Lathrop R H
Department of Information and Computer Science, University of California, Irvine 92697, USA.
J Comput Biol. 1999 Fall-Winter;6(3-4):405-18. doi: 10.1089/106652799318355.
This paper describes a novel anytime branch-and-bound or best-first threading search algorithm for gapped block protein sequence-structure alignment with general sequence residue pair interactions. The new algorithm (1) returns a good approximate answer quickly, (2) iteratively improves that answer to the global optimum if allowed more time, (3) eventually produces a proof that the final answer found is indeed the global optimum, and (4) always terminates correctly within a bounded number of steps if allowed sufficient space and time. It runs in polynomial space, which is asymptotically dominated by the theta(m2ñ2) space required by the lower bound computation. Using previously published data sets and the Bryant-Lawrence (1993) objective function, the algorithm found the true (proven) global optimum in less than 5 min in all search spaces size 10(25) or smaller (sequences to 478 residues), and a putative (not guaranteed) optimum in less than 5 hr in all search spaces size 10(60) or smaller (sequences to 793 residues, cores to 42 secondary structure segments). The threading in the largest case studied was eventually proven to be globally optimal; the corresponding search speed in that case was the equivalent of 1.5 x 10(56) threadings/sec, a speed-up exceeding 10(25) over previously published batch branch-and-bound speeds, and exceeding 10(50) over previously published exhaustive search speeds, using the same objective function and threading paradigm.
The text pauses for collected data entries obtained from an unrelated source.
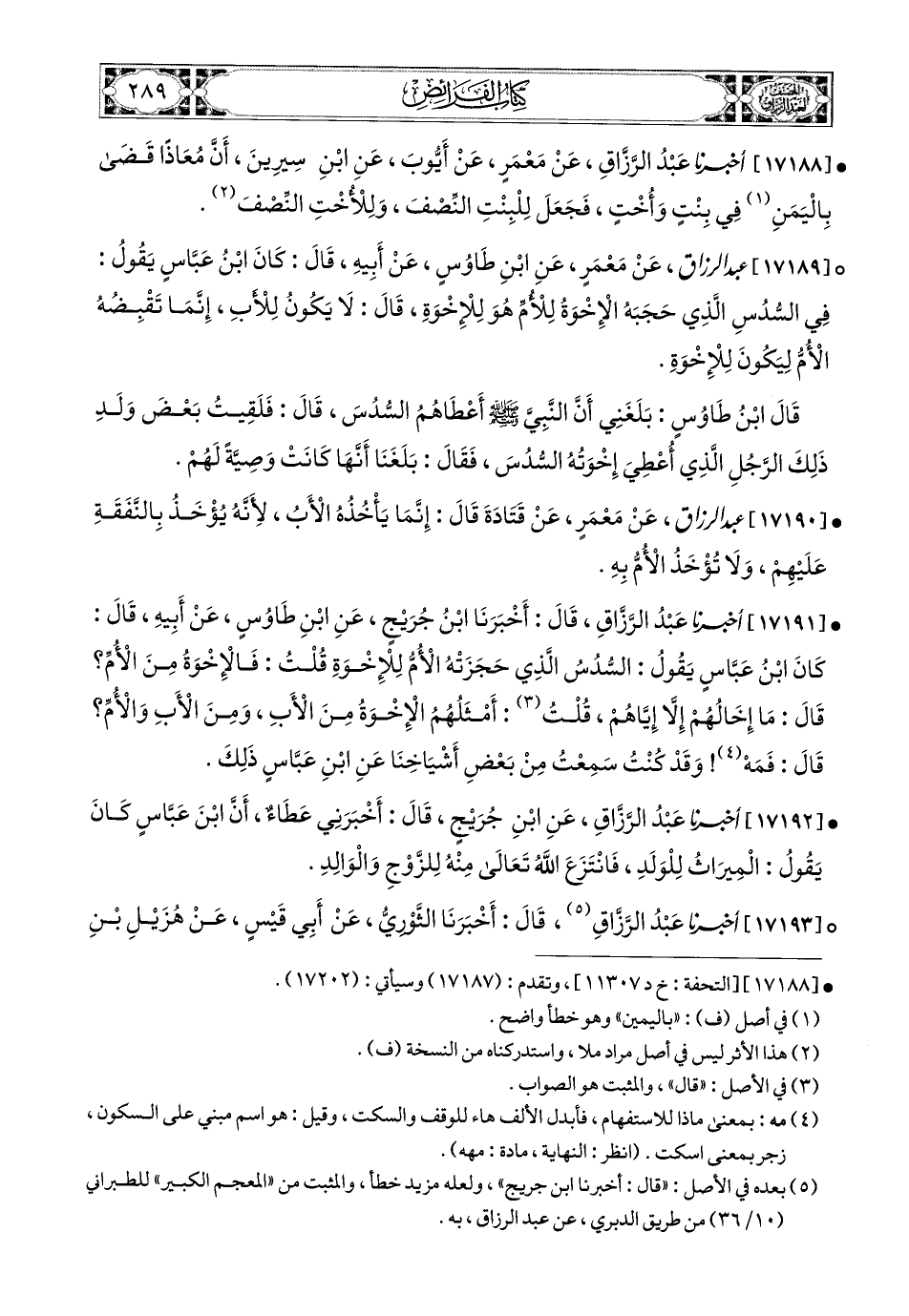 17189- عبد الرزاق، عَنْ مَعْمَرٍ، عَنِ ابْنِ طَاوُوسٍ، عَنْ أَبِيهِ، قَالَ: كَانَ ابْنُ عَبَّاسٍ يَقُولُ فِي السُّدُسِ الَّذِي حَجَبَهُ الإِخْوَةُ لِلأُمِّ هُوَ لِلإِخْوَةِ، قَالَ: لاَ يَكُونُ لِلأَبِ إِنَّمَا تَقْبِضُهُ الأُمُّ، لِيَكُونَ لِلإِخْوَةِ.
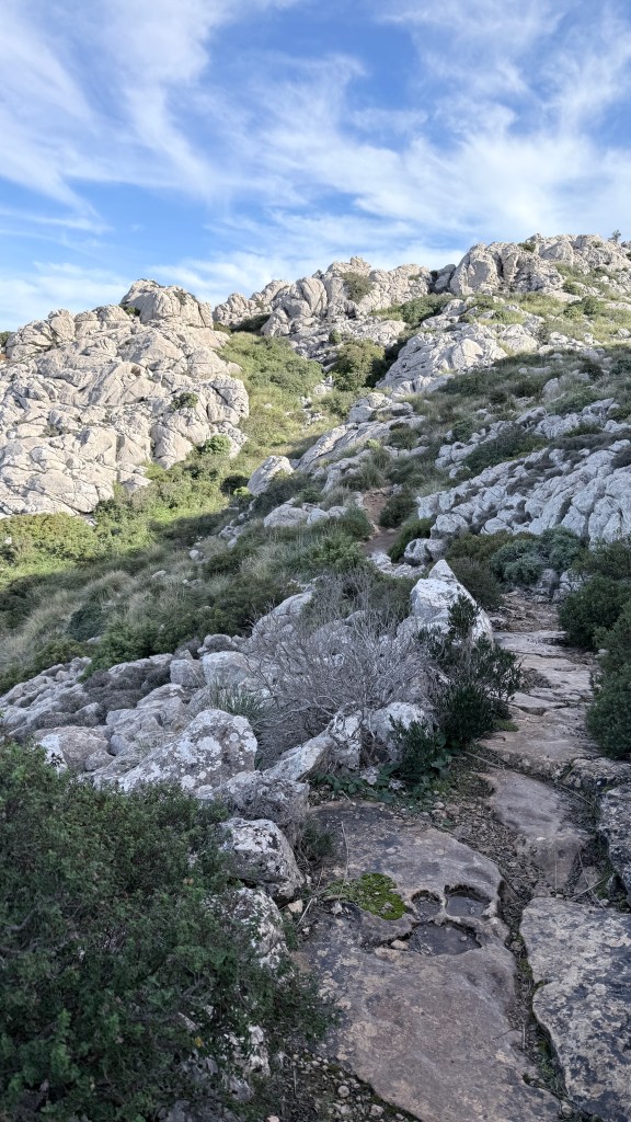Llegamos al Coll d’Estallencs. Un muro de piedra se abre en un portal que nos da paso a la ladera que cae hacía la costa del Mediterráneo. A los pocos metros de iniciar la bajada, tomamos una senda a nuestra izquierda abandonando el viejo camino que hemos seguido hasta entonces.
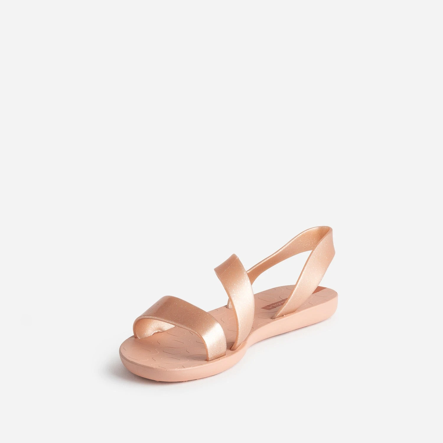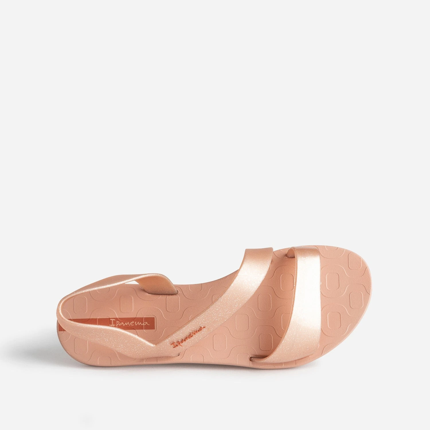 Nouveau coloris rose blush pour cette sandale en caoutchouc. Elle se démarque par des brides larges, avec paillettes intégrées, et un motif graphique sur la semelle, qui fait écho à celui du remblai de la plage d’Ipanema.
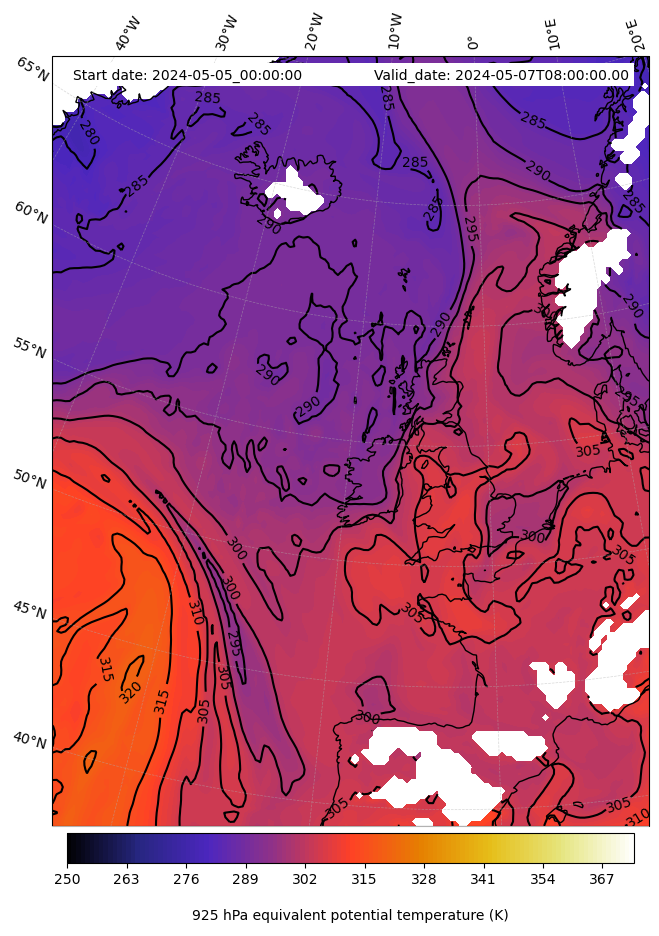 - Equivalent Potential Temperature (K)
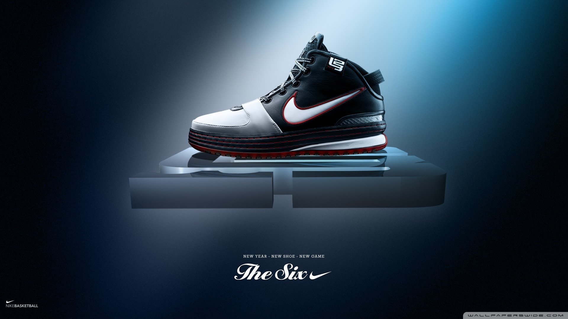 Description: A nike shoe is on a display with a blue background and a black and white background with a red and white nike logo.
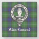 Skotsk klan Lamont vapensköldsemblem och text på tartanbakgrund.

Implementation-independent measures of search efficiency are defined for equivalent branching factor, depth, and probability of success per draw; empirical data on these measures are given. The general approach should apply to other alignment methodologies and search methods that use a divide-and-conquer strategy.
本文描述了一种新颖的随时可用的分支定界法或最佳优先穿线搜索算法,用于带空位的蛋白质序列-结构比对,并考虑一般序列残基对相互作用。新算法具有以下特点:(1)能快速给出一个较好的近似答案;(2)如果有更多时间,可迭代地将该答案改进为全局最优解;(3)最终能给出证明,表明找到的最终答案确实是全局最优解;(4)如果有足够的空间和时间,总能在有限步数内正确终止。它在多项式空间中运行,其渐近复杂度由下界计算所需的theta(m2ñ2)空间主导。使用先前发表的数据集和Bryant-Lawrence(1993)目标函数,该算法在所有大小为10(25)或更小的搜索空间(序列长度达478个残基)中,不到5分钟就能找到真正(已证明)的全局最优解;在所有大小为10(60)或更小的搜索空间(序列长度达793个残基,核心区域达42个二级结构片段)中,不到5小时就能找到一个假定(未保证)的最优解。在所研究的最大案例中,穿线最终被证明是全局最优的;在该案例中,相应的搜索速度相当于每秒1.5 x 10(56)次穿线,与先前发表的批量分支定界速度相比,加速超过10(25),与先前发表的穷举搜索速度相比,加速超过10(50),且使用相同的目标函数和穿线范式。针对等效分支因子、深度和每次抽取的成功概率,定义了与实现无关的搜索效率度量;并给出了这些度量的经验数据。该通用方法应适用于其他使用分治法策略的比对方法和搜索方法。